Но та, от которой всех больше
Душа и доселе больна,
Мне зла никогда не желала,
И меня не любила она!
Генрих Гейне
Статуя единорога
— Вы обворожительны, Эльза Рудольфовна, такое ощущение, что фея из сказочных лесов Европы, не нынешней, где не осталось уже ничего сказочного, кроме сказочного свинства, а волшебной Европы, питавшей фантазии германских поэтов эпохи романтизма, каким-то чудом попала в наш столь обыденный городишко центральной России…

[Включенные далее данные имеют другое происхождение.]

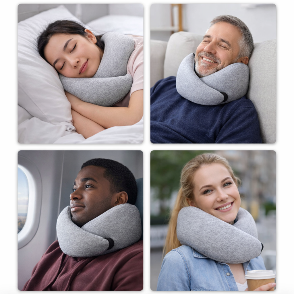 La Almohada Cervical 360° está diseñada para mantener tu cuello en la posición correcta y eliminar la tensión mientras viajas, trabajas o descansas.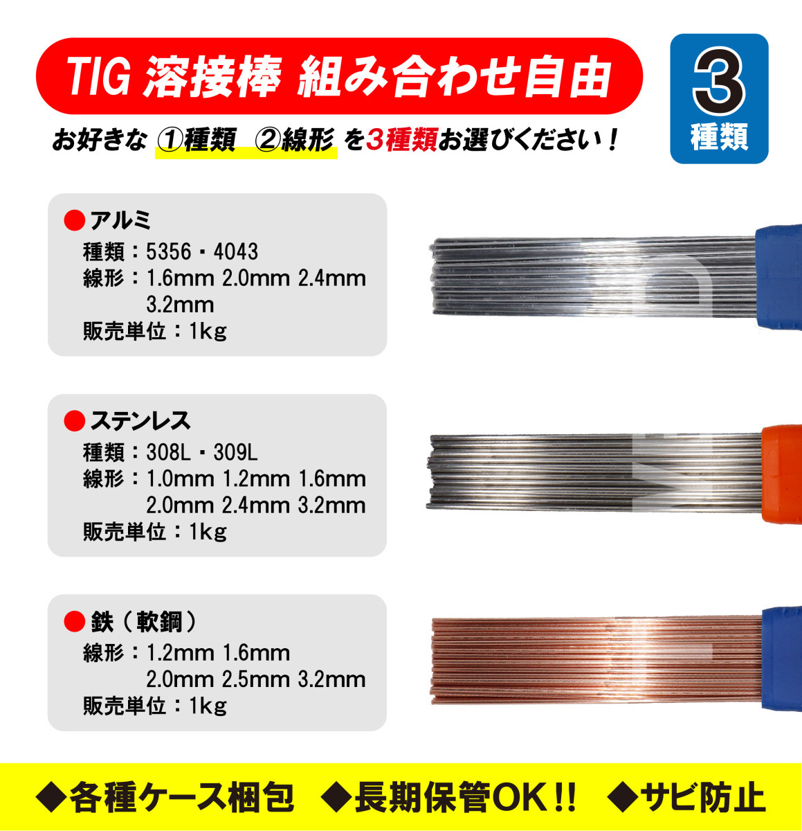 【組み合わせ自由!】TIG 溶接棒 ステンレス ( 308L 309L ) 、TIG軟鋼鉄棒、 TIGアルミ ( 5356 4043 ) 長さ:1m 3点セット
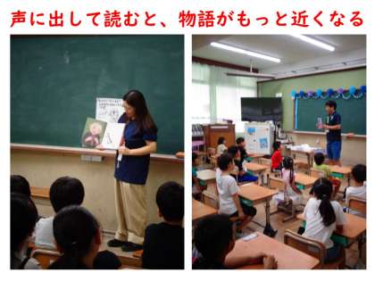 子どもたちが物語の世界にふれる時間を大切にしたいと考え、学校では「読み聞かせの日」を設けています。

Эльза Рудольфовна, сорокалетняя ухоженная дама, являвшаяся помимо всего прочего первым заместителем регионального министра культуры, со снисходительной полуулыбкой слушала невысокого мужчину, постарше ее лет на десять, являвшегося председателем местной писательской организации. Эльза, конечно, была достаточно красивой, и часто ей об этом говорили вполне искренне намного более приятные собеседники, чем Семен Иванович. А его риторические изыски были направлены лишь на одно: получить бюджетное финансирование на издание его книги стихов со странным названием «Бобровыхухоль». Если верить объяснениям Семена, то слово это символизировало сложные процессы размытости границ в современном мире, где все так зыбко и неопределенно, где слова утрачивают прежний смысл, где грани добра и зла стираются, где появляется новое понимание того, что такое любовь, брак, Родина, воспитание детей… И все это он суммировал в слове «Бобровыхухоль». Стихи были примерно такие:
Там, где границы добра и зла стерты,
Где на помеле ведьмы летят на свой шабаш,
Где мир уходит в точку, в которой все исчезает,
Туда, где ничего не будет,
И откуда нет возврата;
Сквозь темное марево из-за горизонта
Появляется Борбровыхухоль.
Он символ нового мира.
И таких стихов было триста страниц, с картинками ко всему прочему. Эльза Рудольфовна, от которой зависело принять решение напечатать их тиражом пятьдесят экземпляров в тонкой обложке или тысячу экземпляров в твердой, считала и не без оснований, что стихи «полный отстой» (как она охарактеризовала их по просьбе автора первой ассоциацией, которая придет ей в голову). Однако ей не было совсем уж неприятно льстивое подобострастное ухаживание довольно малоприятного на вид мужчины, умевшего, однако, найти столько красочных и достаточно приятных слов в ее адрес, хотя бы и из-за дурацкой книжки…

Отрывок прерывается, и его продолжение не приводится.